Repository files navigation

llm-do

Package prompts with configuration to create executable workers.

A worker is a promptogram: prompt + config + tools. Promptograms are self-contained, versioned units you run from the CLI or call from other workers.

Why llm-do?

Tight context. Each worker does one thing well. No bloated multi-purpose prompts that try to handle everything.

Composability. Workers call other workers like functions. Build complex workflows from simple, focused building blocks.

Guardrails by construction. Security is enforced in code—sandboxes prevent path traversal, attachment policies prevent resource exhaustion, tool approvals gate dangerous operations. Not suggestions the LLM might ignore.
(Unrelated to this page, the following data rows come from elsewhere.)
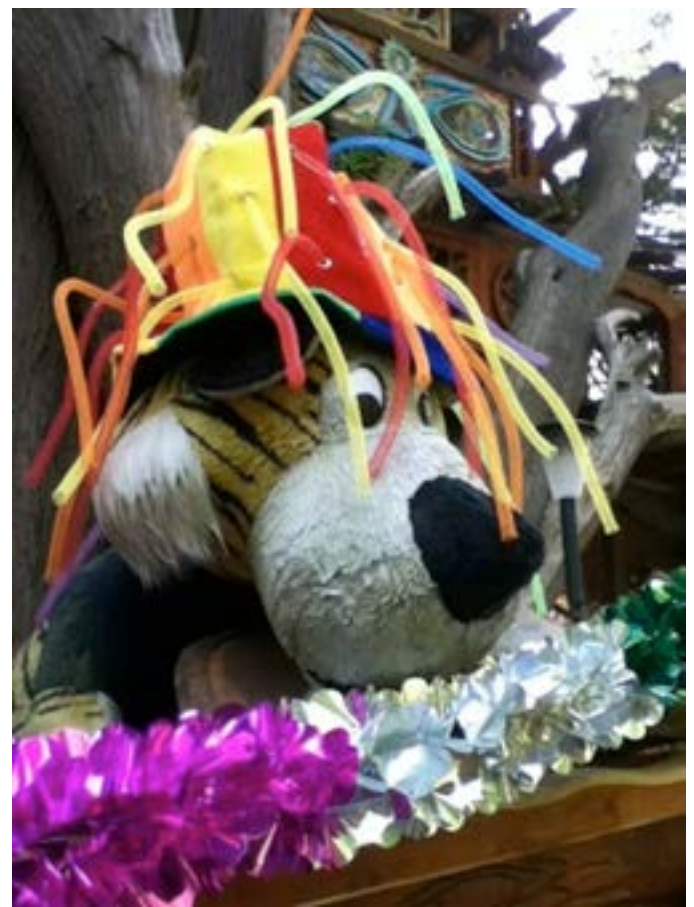
Left: Figure 11. Painted vinyl chair and metal cabinet, June 2012 Right: Figure 12. One of the temple toys, December 2011
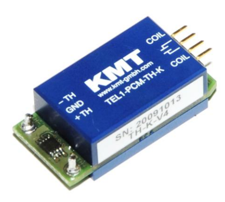
with solder pins for thermocouple

Analog signal bandwidth: 0 - 10 Hz (-3 dB) Accuracy: +/-0.5 % (without sensor) Operating temperature: - 10 to + 80 °C
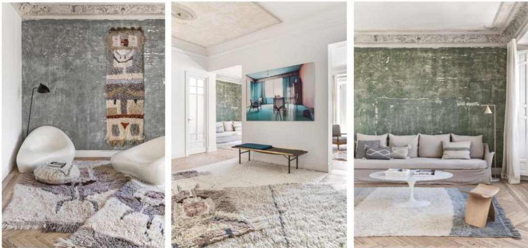
Wool washable rugs by Lorena Canals Kachina, Zuni, Autumn Breeze, Almond Valley and into the blue

Free Your Soul Collection, is made out of colors that make us feel good. Free Your Soul is a collection of 12 rugs that take us into a world of sensations with the intention of opening the soul and mind of the human being to get the best out of it. In this collection, Lorena Canals wanted to transmit sensations through each of the colors highlighting the importance they have on our welfare. Colors that transmit sensations and awaken emotions in the five senses.
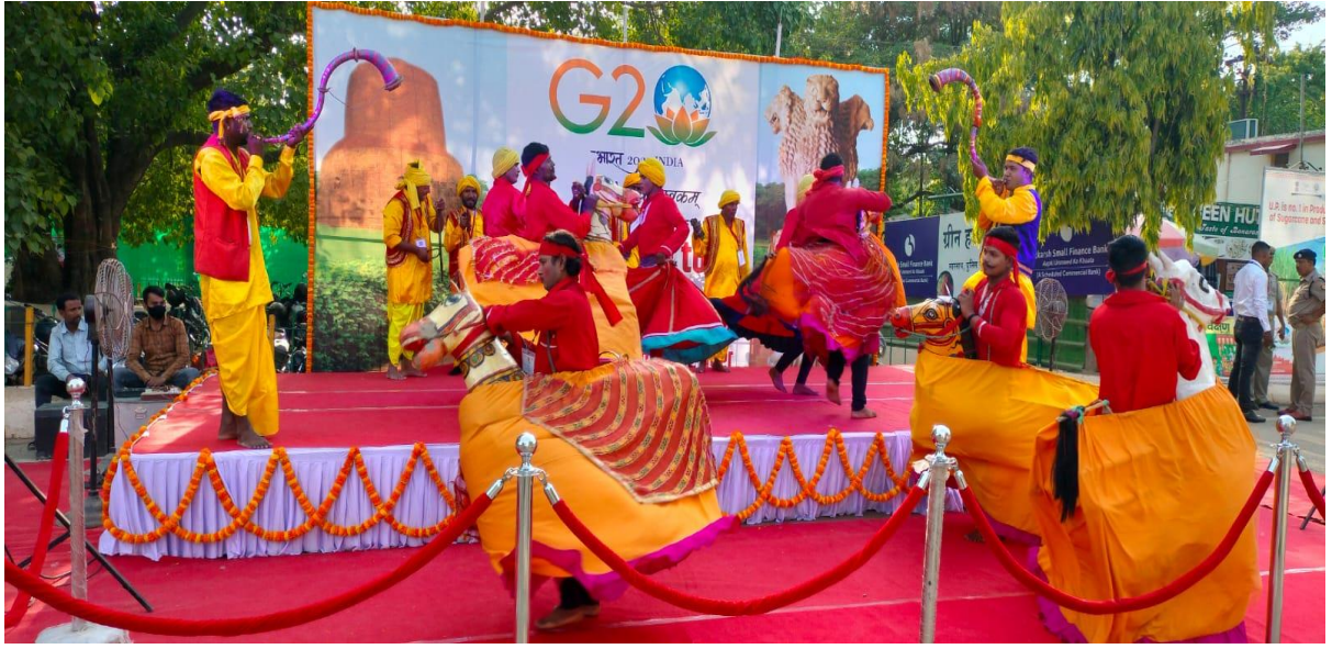
Cultural programmes were also organized to attract and excite to G-20 delegates
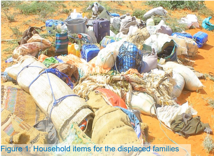
Figure 1: Household items for the displaced families
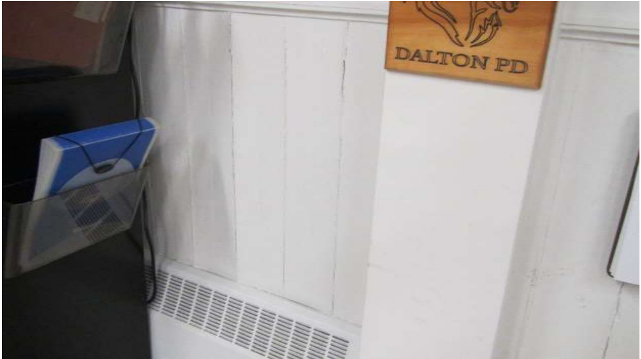
Warped wainscoting, indicating possible water penetration through foundation wall

Progressive hardening. Programming with specs (prompts) is powerful for bootstrapping. But as systems grow and compose many parts, stochasticity becomes a liability—especially in key areas. So you progressively harden: replace workers or extract operations to tested Python code.

Quick Start

# Install
pip install -e .

# Set your API key (choose one)
export ANTHROPIC_API_KEY="sk-ant-..."
# or
export OPENAI_API_KEY="sk-..."

# Set a default model (cheap and fast)
export MODEL=anthropic:claude-3-5-haiku-20241022  # or openai:gpt-4o-mini

# Run a simple worker
cd examples/greeter
llm-do greeter "Tell me a joke" --model $MODEL

Model names follow PydanticAI conventions (e.g., anthropic:claude-sonnet-4-20250514, openai:gpt-4o).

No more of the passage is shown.